Two years later, Reichert found that The Man from London (2007), Krasznahorkai and Tarr’s adaptation of a 1934 novel by Georges Simenon, “feels somehow smaller than Sátántangó or Werckmeister Harmonies,” but “Tarr’s still brought the full force of his cinema to bear.” Tarr was working for the first time here with a new cinematographer, Fred Kelemen, a filmmaker and theater director championed by Susan Sontag. Kelemen also shot The Turin Horse, which opens with wind and fury. A coachman (János Derzsi) drives his horse hard, and when he arrives home, his daughter (Erika Bók, who also appears in Sátántangó and The Man from London) serves the daily meal, one boiled potato for each of them.

“This pair, this house, are the film’s universe,” wrote Nick Pinkerton in the Voice in 2012. “Through each day, signs of life shrivel away: The woodworms go quiet, the old nag won’t eat, the well runs dry.
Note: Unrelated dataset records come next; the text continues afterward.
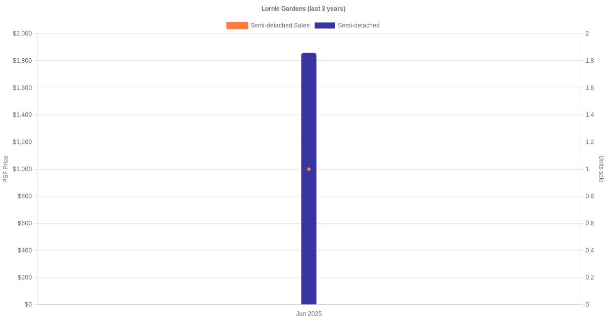 There were a total of 1 sales transactions for Lornie Gardens in the last 3 years, with the latest one recorded in Jun 2025. Disclaimer : our transactions data below does not include block numbers as the data is not available.
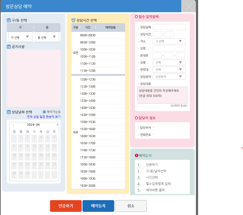 가까운 구와 동을 선택하여 날짜와 시간을 선택하시고 안내에 따라 진행하시면 됩니다. 이미지에서의 예약순서를 확인하시면 됩니다.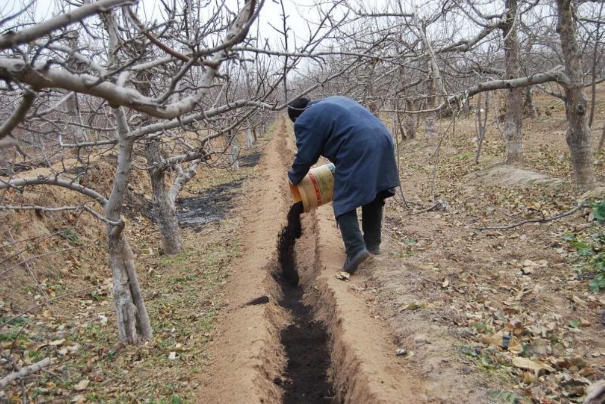 平陆县农民为苹果树深施有机肥 周军亮 摄
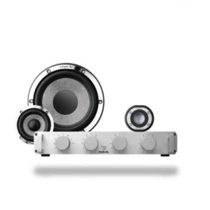 | 3-way System 2x 200/300 Watt (System) 20 mm tweeter 3” phase plug midrange 6,5” dust cap mid-woofer 3 ohm impedance Semi active or full active application |

And finally, in an inversion of creation, God—that is, Tarr—proclaims, ‘Let there be dark.’” In the New York Times, A. O. Scott suggested that The Turin Horse should “dispel any skepticism about the finality of [Tarr’s] decision to abandon his vocation, since it is hard to imagine a more thorough and systematic statement of intellectual despair.”

“All my movies are comedies!” declared Tarr in his conversation with Sweeney. “Except The Turin Horse.